11:15 am, MDT, Friday. 2 Sept. 2011

According to what we have figured out here in the Denver area, there will be NO train service east of Denver, for a while...

Ft. Morgan is the first stop east of DEN, so they referred to that stop, rather than DEN. (strange...)

CZ will only operate between EMY and DEN, for now.

This is a very poorly worded press release...

Here is another issue, that the poorly worded press release does not make clear...

Are they deadheading a train to DEN (from where?) to head westbound on Sunday, 4 Sept. with an on time departure, of 8:05 am. ??
Or is train # 6, turning to # 5, on Sunday, which will make it already 12 hours late ?? The answer from what we can tell is...
 
The first CZ # 6, arriving at 6:40 pm, if on time, Sunday, will turn to the westbound # 5, leaving 12 hours late, around 8 pm.
 
So much for a nice daylight trip across the mountains, west of here.
 
Peter RIchards


----------



## George B (Sep 2, 2011)

OK. Follow along with me……for the month of September:

All stops from, and including, EMY to DEN will have CZ service.

All stations from Fort Morgan to Burlington will not have CZ revenue service.

All stops from, and including, GBB to CHI will have service, but not necessarily the CZ.

Amtrak will still run trains from CHI to DEN from time to time, but these are for equipment and employee moves, and are not scheduled to be in revenue service.


----------



## yarrow (Sep 2, 2011)

amamba said:


> yarrow said:
> 
> 
> > it is sure too bad for folks who have trips planned. as my wife says "that's the problem with amtrak. you are never sure they will get you to your destination or if they will get you home." amtrak has lost credibility as a transportation company. they are a train ride company like the narrow gague tourist lines in colorado. though with worse otp.
> ...


we live on the route of the eb and travel mainly the western ld trains. the nec does look like it has good otp. as for us, we have been bustituted, abandonded and delivered to our destination up to 15 hours late by amtrak several times. when we have a trip booked are never sure if it will happen, if they will get us home and when we will arrive at our endpoints


----------



## Devil's Advocate (Sep 2, 2011)

eagle628 said:


> They _cannot_ be serious.
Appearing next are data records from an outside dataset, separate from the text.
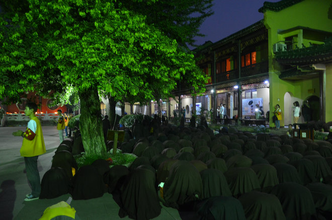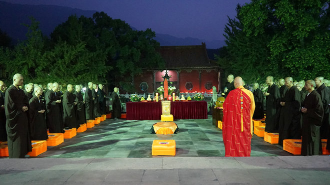 傍晚时分,明月初现,拜月台上香果累累,“南无月宫太阴尊天菩萨”牌位已竖立案前。6时30分,香烛供灯点亮,引礼师鸣磬击法鼓,缁白二众千余人于月下肃然静立。东林寺方丈大安大和尚莅临拜月台前,主持拜月法会。大和尚虔诚拈香,恭请太阴尊天菩萨降坛,随后大众同诵《药师琉璃光如来灌顶真言》。唱诵毕已,僧众分东西两单拜月,维那举赞曰:“云开空净,独露婵娟,皎洁无暇体自圆,一月一周天,普照无边,恩泽被大千。”皓月当空,秋风习习,万里清辉之下,缁白二众诚祈太阴尊天菩萨赐福人间,普愿清凉甘霖遍洒之处,容摄大千芸芸众生,免受贪、瞋、痴热火逼恼,安获吉祥。
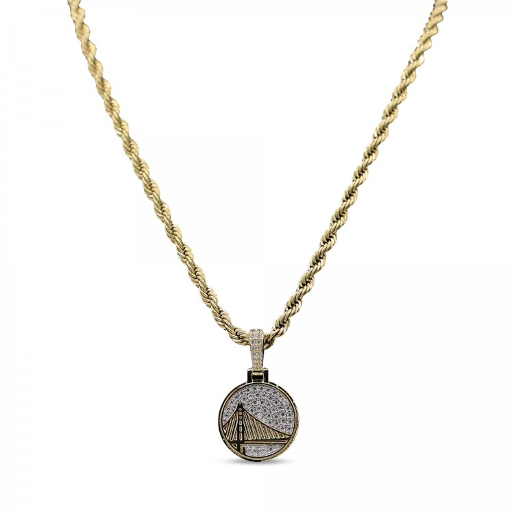 Golden State Warriors GLD 18K Yellow Gold Logo Pendant & 20 Rope Chain
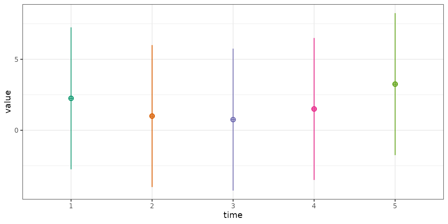 Polynomial coding is the default for ordered factors in R. We’ll set up a new data simulation with five ordered times.
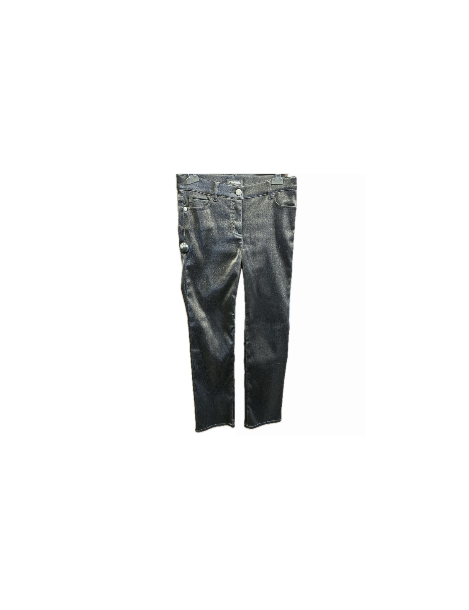 Last items in stock PANTS-SHORTS Black CHANEL T 42 pants veil of silk CHANEL 15980 450.00 € Chanel pants size 42, cotton black and covered with a veil of silk of the same color. There are two pockets on the front and the back of the pants. The Chanel symbol is represented on the left pocket by a sublime stone Ruby surrounded by golden metal, closed by closed zip and snap button. It is in very good condition. Size: Width size: 36 cm, crotch: 26... Add to cart
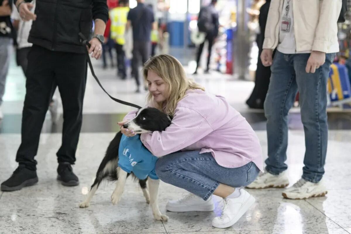 A traveller pets a therapy dog providing solace to stressed travellers before they board their flight at the Istanbul Airport, in Istanbul, on May 3, 2024. Yasin Akgul/AFP via Getty Images
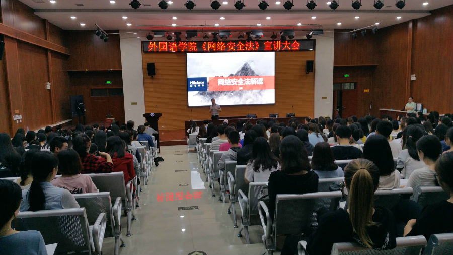 党委书记廖敏、校信息中心苗成老师、西安山石网科公司王勇经理以及我院14、15及16级全体同学参加了宣讲大会。
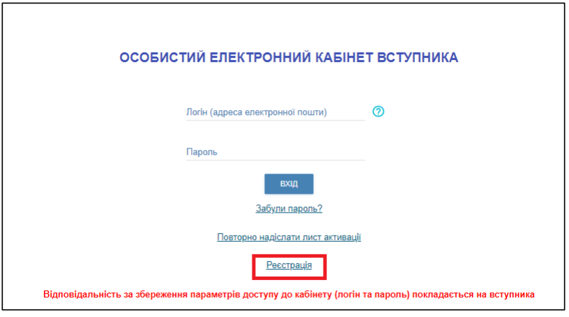 Для початку слід вказати адресу електронної пошти, яка далі буде логіном для входу. Система автоматично перевірить логін на збіг з іншими. На електронну адресу надійде лист для активації доступу до електронного кабінету.
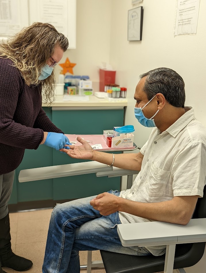 POC Lab Coordinator Tiffany Walden with a patient. PHOTO: Centre Volunteers in Medicine.
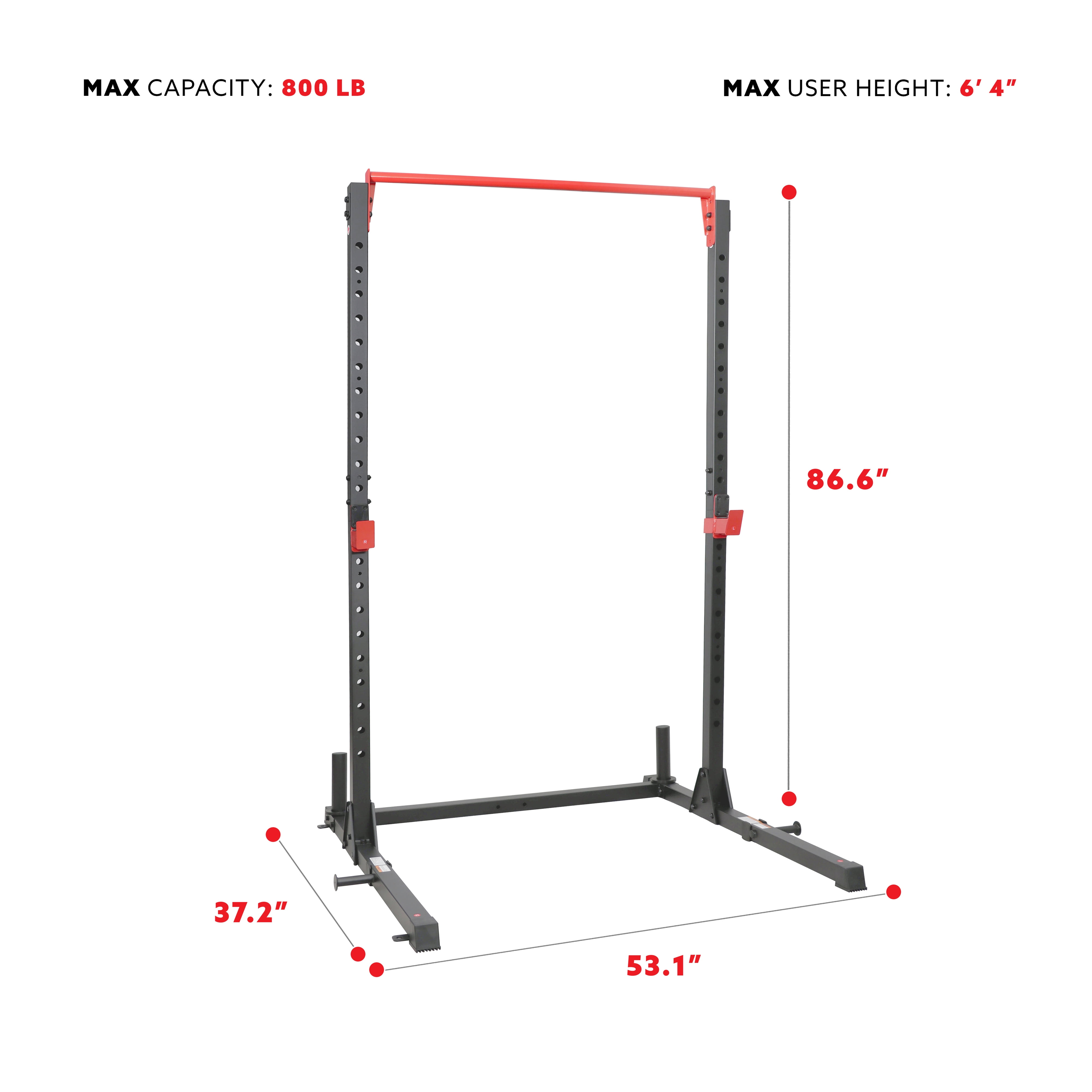 Sunny Health & Fitness Essential 800-lb High Capacity Power Rack Cage with Weight Plate Storage & Adjustable J-Hooks – SF-XF920063
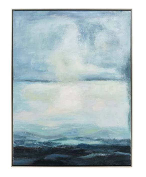 Beautiful framed oil painting in gorgeous shades of blue, cream, and green.
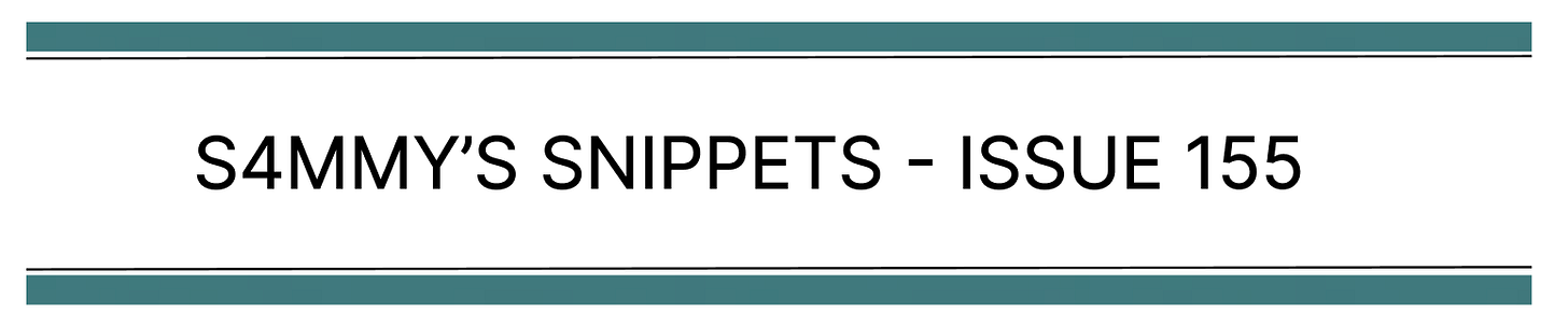 That’s a wrap for issue 155 of S4mmy’s Snippets. I hope you enjoyed it.
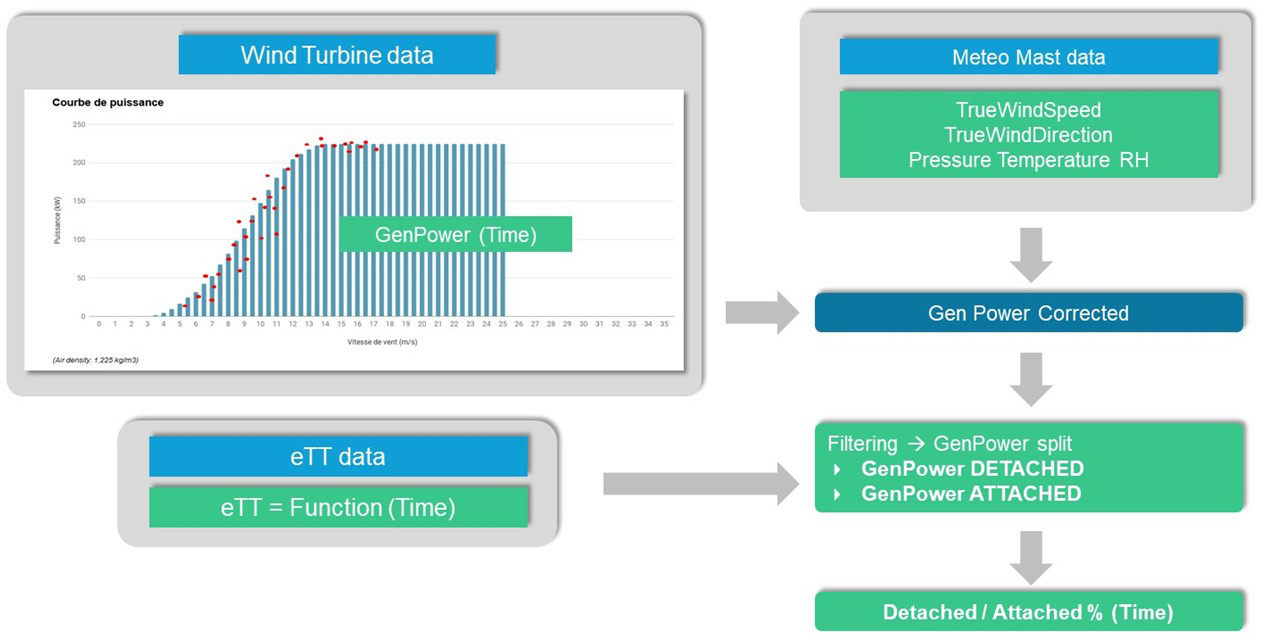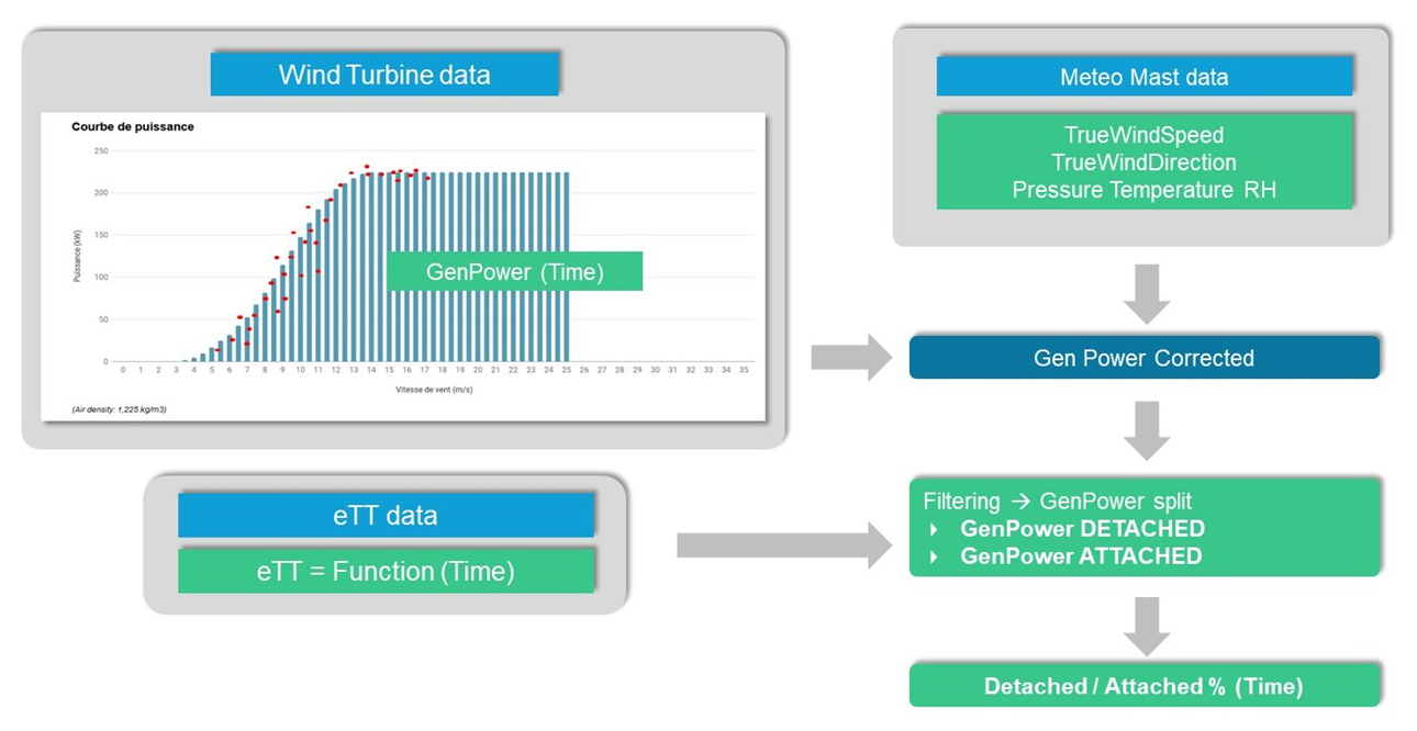 The approach was made possible by applied mathematical tools linking the eTT signals on a two-dimensional model full-scale blade in the CSTB high-speed wind tunnel to lift coefficient and angle of attack (AoA). The research quantifies the effect of aerodynamic behaviour on the wind turbine electric power production. The power loss criteria is considered to prove that eTT raw data are highly correlated with the output power of the wind turbine.
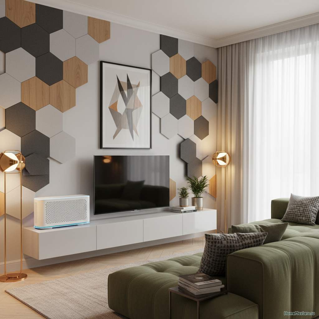 Жилые интерьеры: В квартирах-студиях, где объединены кухня и гостиная, панели помогают зонировать пространство акустически. В домашних кинотеатрах они не только улучшают звук, но и защищают от жалоб соседей.
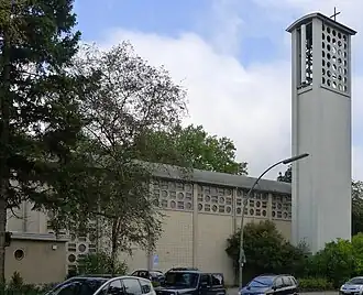 Der schlanke Campanile, der sich an die Längsseite der Schwyzer Straße anschließt, wiederholt diese Gestaltungselemente im Glockengeschoss, allerdings als Lochgitter geöffnet. Vier Gussstahlglocken, 1958 vom Bochumer Verein gegossen, hängen im Glockenturm.
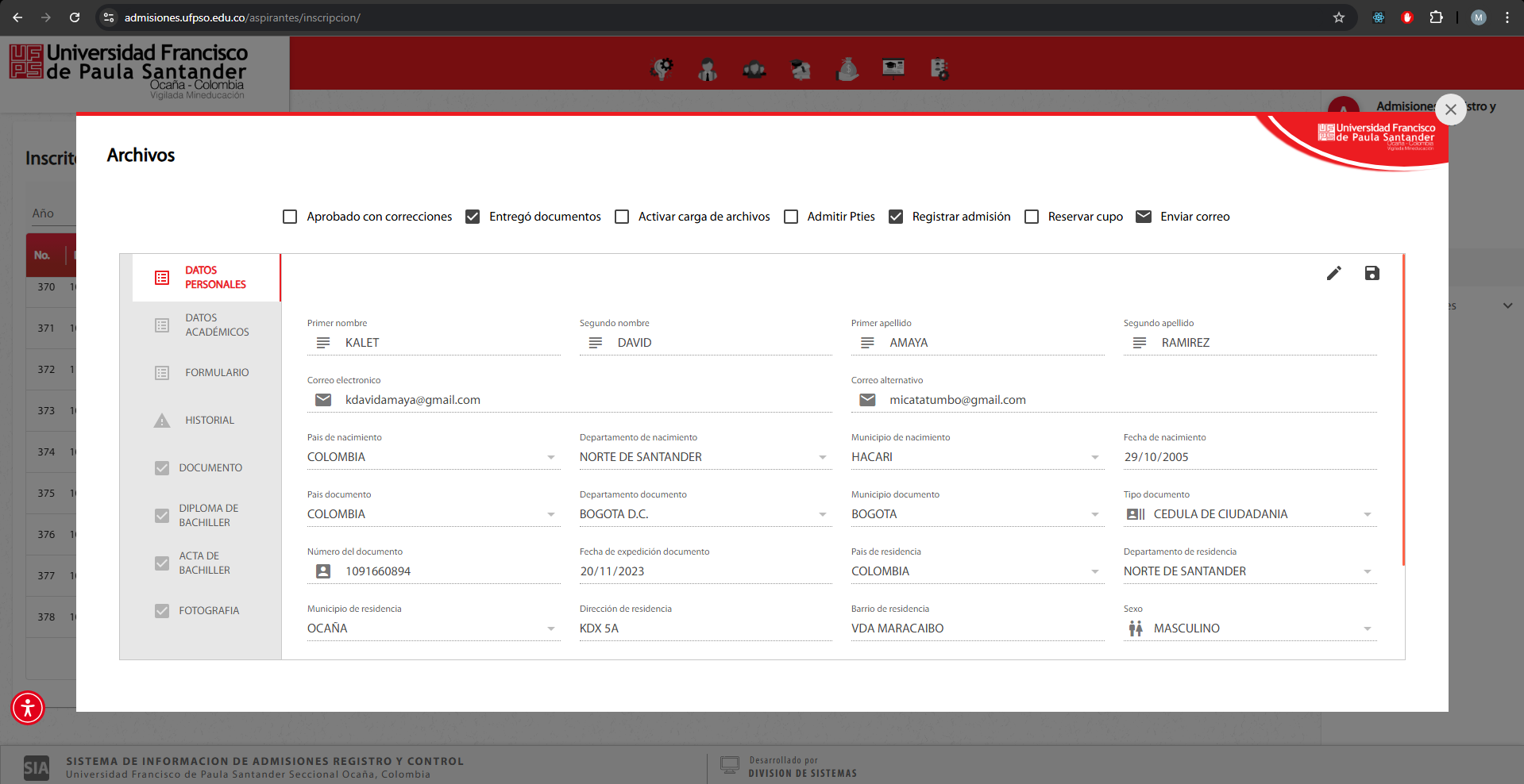 Admitidos: Permite visualizar la información de los admitidos y los archivos solicitados para su expediente académico.

CHI-DEN is the most popular section of that route, they have to add extra cars just between those two stations to satisfy demand in peak season. And they want to DROP daily service? What the hell are these people smoking?!


The CZ has had an extraordinary series of accidents and incidents in a year chock full of complications and setbacks. Amtrak is likely running low on replacement hardware and has few if any alternatives to address their increasingly poor schedule keeping. They also have a federal government increasingly staffed by politicians who are overtly hostile toward passenger rail funding. We're basically talking about a perfect storm of heavily impacted operations combined with an extremely difficult budget environment. Amtrak is under as much pressure today as at any time since their first few years and will likely be looking for excuses to cut back as much as much of their money losing network as they think congress will allow. Judging by the current membership I'd say congress isn't going to be demanding much service outside of a few primary corridors where support is still strong.


----------



## John-MCPO-USN (Sep 2, 2011)

Jim and Jeff (and others)

Well, I knew that it wasn't going to be easy when I went to the Jacksonville Ticket Counter----to exchange the 1 Sleeper voucher (from CHI to SAC), for a new voucher (DEN to SAC) - and receive the $191 credit for the cancelled #5 out of CHI.....the agents were incredibly nice and helpful, but just could not get the new voucher to print----nor, could they figure out how to get me the $191 credit due. After numerous phone calls to DC and Phily, about 60min later, I was finally provided my new sleeper ticket for DEN to SAC and given $191 in cash as my refund (they were trying to tell me that AMTRAK was going to mail me my refund----ha ha ha ha----not falling for that). The CSR rep on the phone this AM told me she could not credit the $191 back to my card, since I still had the original sleeper voucher-----but the Agent at the station told me that was wrong---and the CSR could issue the credit. So, for those of you calling about credits---not sure if you will get it via phone or ticket office.

So, the Train Odyssey 2011 Adventure is back on, with an Air-Bridge in the middle. Departing JAX on #98 to DC on 9/20; #51 to CHI on 9/21; then the SouthWest Flight to DEN on 9/22; #5 from DEN to SAC on 9/23; #14 to SEA on 9/25; #8 to CHI on 9/27; #30 to DC on 9/30, and finally home to JAX on #97 on 10/1. If anyone is also traveling those dates/trains, let me know.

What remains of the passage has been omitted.